(DATA FOR THE TASK Opens)
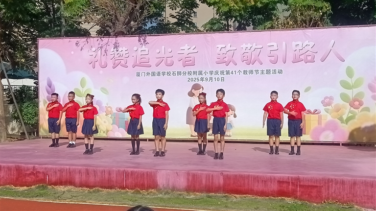 本报讯 今年9月10日是全国第41个教师节,厦门外国语学校石狮分校附属小学开展以“礼赞追光者 致敬引路人”为主题的2025年教师节主题活动,通过丰富多彩的形式,让学生在浓厚的节日氛围中表达对教师的感恩之情。
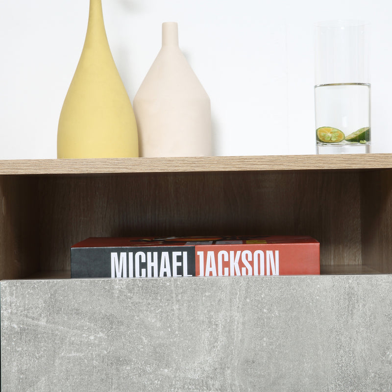Set mit 2 hängenden Nachttischen 45 x 35 x 27,5 cm mit Schublade und grauem Regal
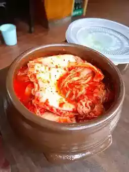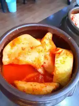 the daikon radish and cabbage kimchi is placed on the table.
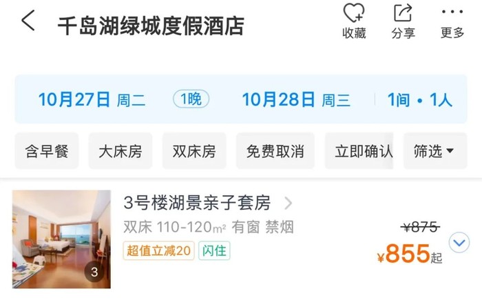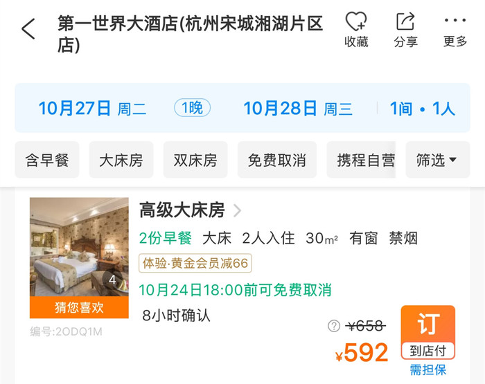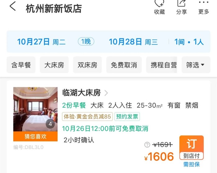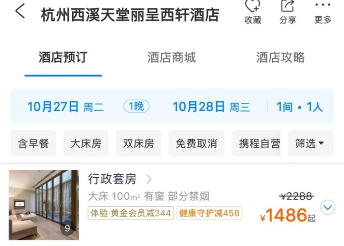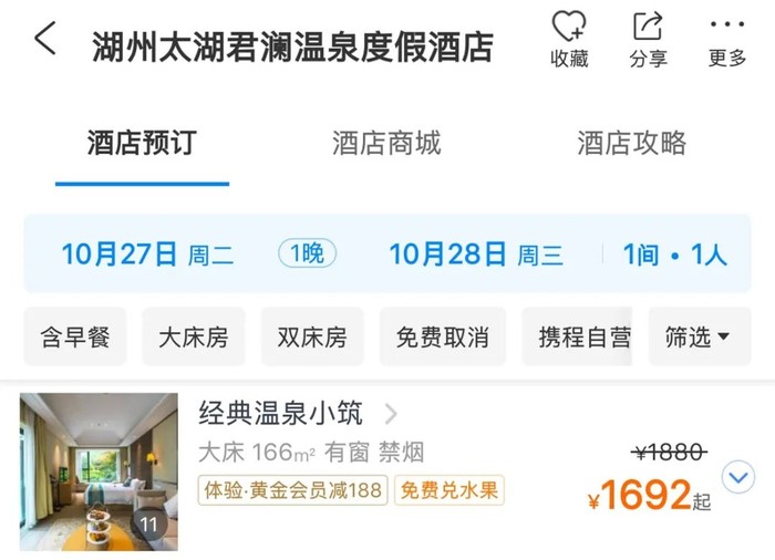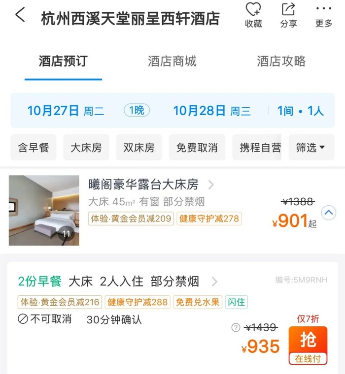 携程上平时同店同房型住1晚1710元(含早),现在购买套餐便宜712元。
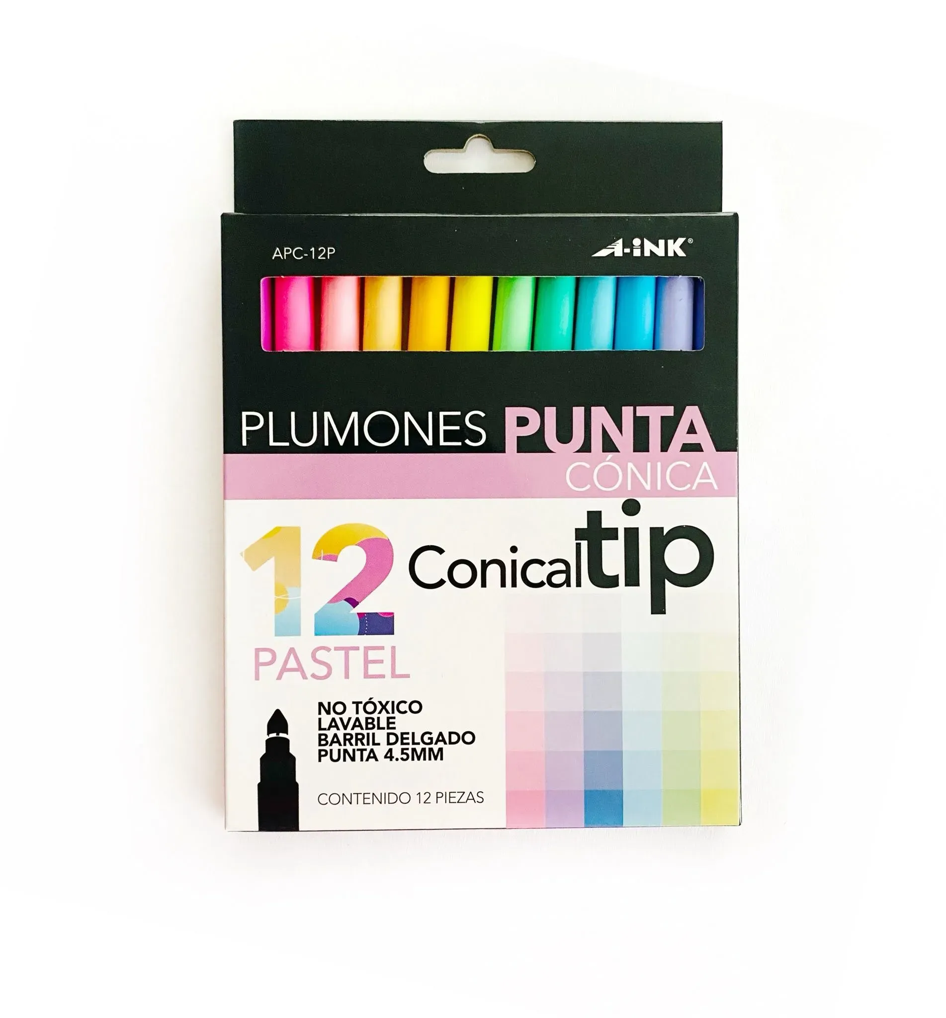 ¡Potencia tu creatividad con los Plumones Punta Cónica Pastel de Aink! Esta caja contiene 12 plumones en colores pastel ideales para lettering, dibujo y más. Disfruta de un dupe espectacular de los supertips para dar vida a tus creaciones con tonos suaves y vibrantes.
(DATA FOR THE TASK Closes)
• [PROBLEM TO SOLVE]: All of the material above is to be copied exactly, except for its images.

• [WRITTEN RESPONSE]:
 本报讯 今年9月10日是全国第41个教师节,厦门外国语学校石狮分校附属小学开展以“礼赞追光者 致敬引路人”为主题的2025年教师节主题活动,通过丰富多彩的形式,让学生在浓厚的节日氛围中表达对教师的感恩之情。
Set mit 2 hängenden Nachttischen 45 x 35 x 27,5 cm mit Schublade und grauem Regal
 the daikon radish and cabbage kimchi is placed on the table.
 携程上平时同店同房型住1晚1710元(含早),现在购买套餐便宜712元。
 ¡Potencia tu creatividad con los Plumones Punta Cónica Pastel de Aink! Esta caja contiene 12 plumones en colores pastel ideales para lettering, dibujo y más. Disfruta de un dupe espectacular de los supertips para dar vida a tus creaciones con tonos suaves y vibrantes.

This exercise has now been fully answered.